At 38 years old, the sirens of Saudi Arabia and MLS in the United States might start to sound, but for a striker who has declared he still has the ambition to be important, such options may not truly ignite his spirit.
There’s also the romantic possibility of playing for Sheffield Wednesday, a Championship club that will face Leicester next season and the club Vardy has supported since he was a child — being born in the Hillsborough area. There are many possibilities, with a provocative question to raise: wouldn't any Serie A club need Jamie?
Why not Serie A? Could Milan be an option for Jamie Vardy?

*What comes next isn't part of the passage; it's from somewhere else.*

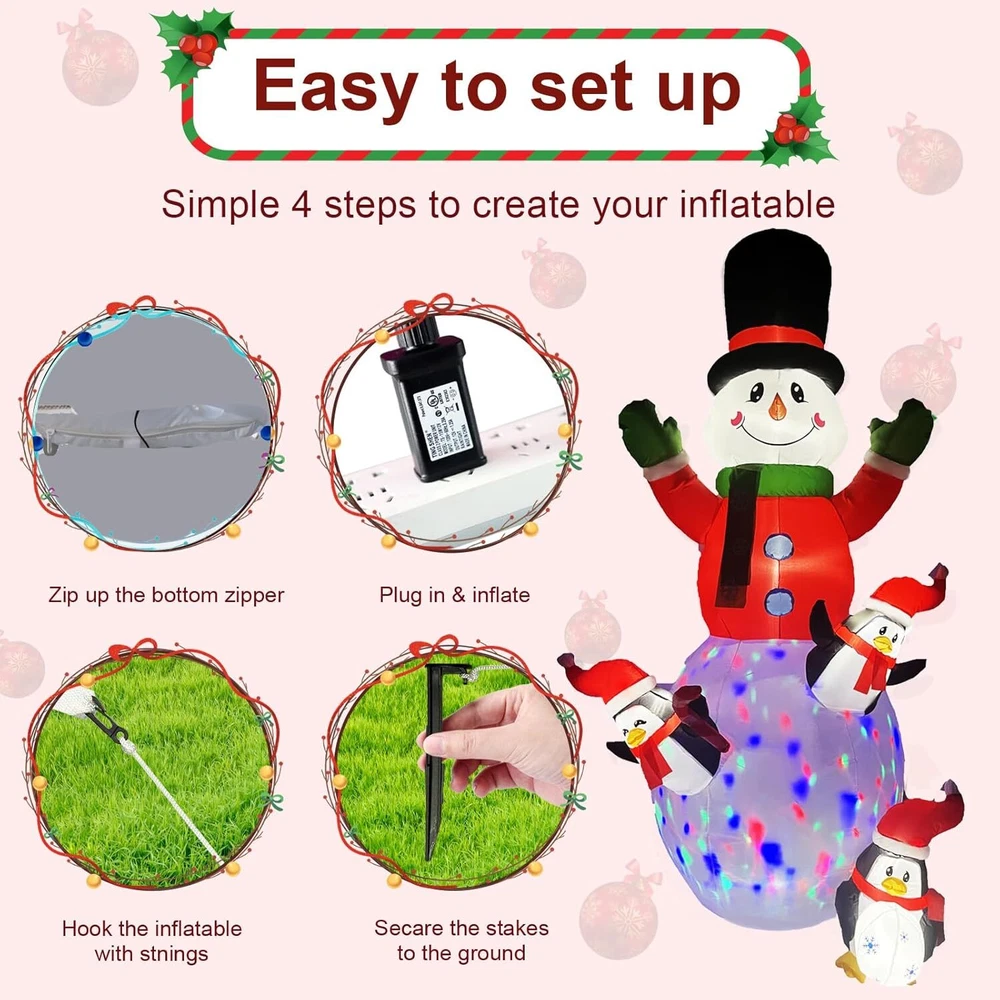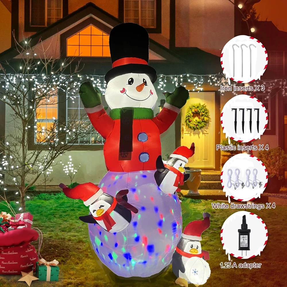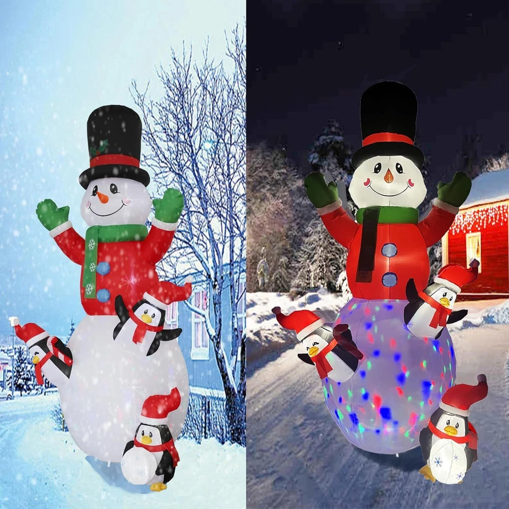 10ft Christmas Inflatable Outdoor Decoration, Kaleidoscope Penguin Snowman Inflatable Yard Decoration with LED Lights for Indoor Outdoor Patio Garden Christmas Decoration… Item Description Adorable Inflatable Snowman Decoration: A large size 10ft tall inflatable snowman with a magic hat. 3 cute penguins are wearing Santa hats and riding Christmas gifts, showing a happy welcome gesture. Bring joy and happiness to your children, kids also love to give them as Christmas gifts to family, friends or loved ones. Make your yard a warm welcome from your neighbors! Built-in bright LED light: There are 5 eye-catching LED lights inside the inflatable snowman, creating a bright and cheerful atmosphere. Just light up your lawn or garden for a Christmas party and put your house in a festive mood. 10 feet is big enough to make your yard stand out and you'll get lots of compliments from neighbors and guests. Give your cute kids a big surprise! Excellent workmanship and durability: This giant inflatable snowman is made of polyester material, which is weatherproof and not easily damaged by sharp and hard objects, excellent stitching enhances durability. When deflated and in good condition and compact, it can be used again. With the long power cord, you can place the inflatable snowman by the door of your house, near the living room. Just add a plug extender to decorate anywhere in your yard and garden High stability for outdoor use: No need to worry about the large 10ft long outdoor Halloween decorations yard will fly away with the wind. Our Christmas inflatable comes with 4 ropes, 4 plastic ground stakes and 3 aluminum ground stakes, attach the ropes to the ground stakes and secure them to the ground. The bi-stable design ensures stability and perfect display of the Christmas snowman ornament outdoors during the holiday season. Indoor and Outdoor Christmas Decorations: Our inflatable snowman is perfect for indoor, outdoor, yard, courtyard, garden decoration, suitable for Christmas event decoration, Christmas night event, New Year and so on. Create a joyous, memorable scene in your home or lawn during the holidays › See more product details Payment We accept payment only through PAYPAL Shipping We ship products worldwide through standard express courier service, it will reach within 7 to 10 days to abroad buyers, we ship the product after recieved clear payment and give full information about shipment to the buyer Return We accept product return within 7 to 21 days from delivery date but product should be in original position and not in damaged condition,the return shipping charges will be buyer responsibility
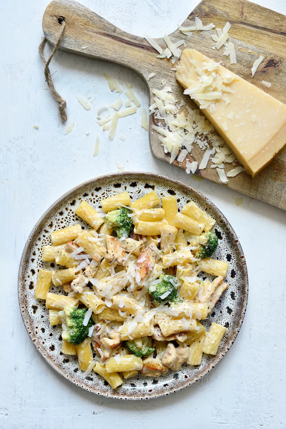 Deze romige pasta Alfredo met broccoli en kip combineert volle room, boter en Parmezaanse kaas tot een rijk en troostrijk gerecht. Rigatoni met knapperige broccoliroosjes en goudbruin gebakken kip krijgt extra smaak door geperste knoflook en het zachtjes laten inkoken van de saus. Een snel en gezellig doordeweeks diner dat in elk seizoen smaakt en perfect is voor liefhebbers van klassieke Italiaanse comfort food.

At the current state of things, it’s premature to think of Vardy’s future in Italy. In the past, there had been some flirting with the Bel Paese, involving Como: the Leicester player knows the owners of the Lombard club well, the Indonesian brothers Robert and Michael Hartono, and relations have always been excellent. For this reason, the idea of bringing Vardy to Italy had been born, an option that was never realized nor became concrete. But why not dream? He is the embodiment of the saying “aging like fine wine,” as shown by the 110 goals (compared to the previous 95) he scored after the age of 30, as described by Calciomercato.com.
Any top Italian club would strengthen by having a striker with these characteristics, capable of contributing a goal every three matches in his last season at Leicester. He would be an excellent replacement for clubs at the top of the table (Juventus, Milan, Roma, and Inter are all monitoring the attacking market), but also a starter for a team fighting to avoid relegation, including the newly promoted sides.
Vardy has the kind of experience to be decisive in any context in our league: from Sassuolo to Parma, from Udinese to Torino, from Cagliari to Lazio, any club in Serie A could benefit from the hunger and determination of a 38-year-old who — judging by his technical skills — could certainly make his mark in a league like Serie A, a competition with a strong tradition of strikers and unexpected, spectacular market moves (see Ribery at Salernitana).
And so why not consider it? The question remains: couldn't this Vardy be useful in Serie A?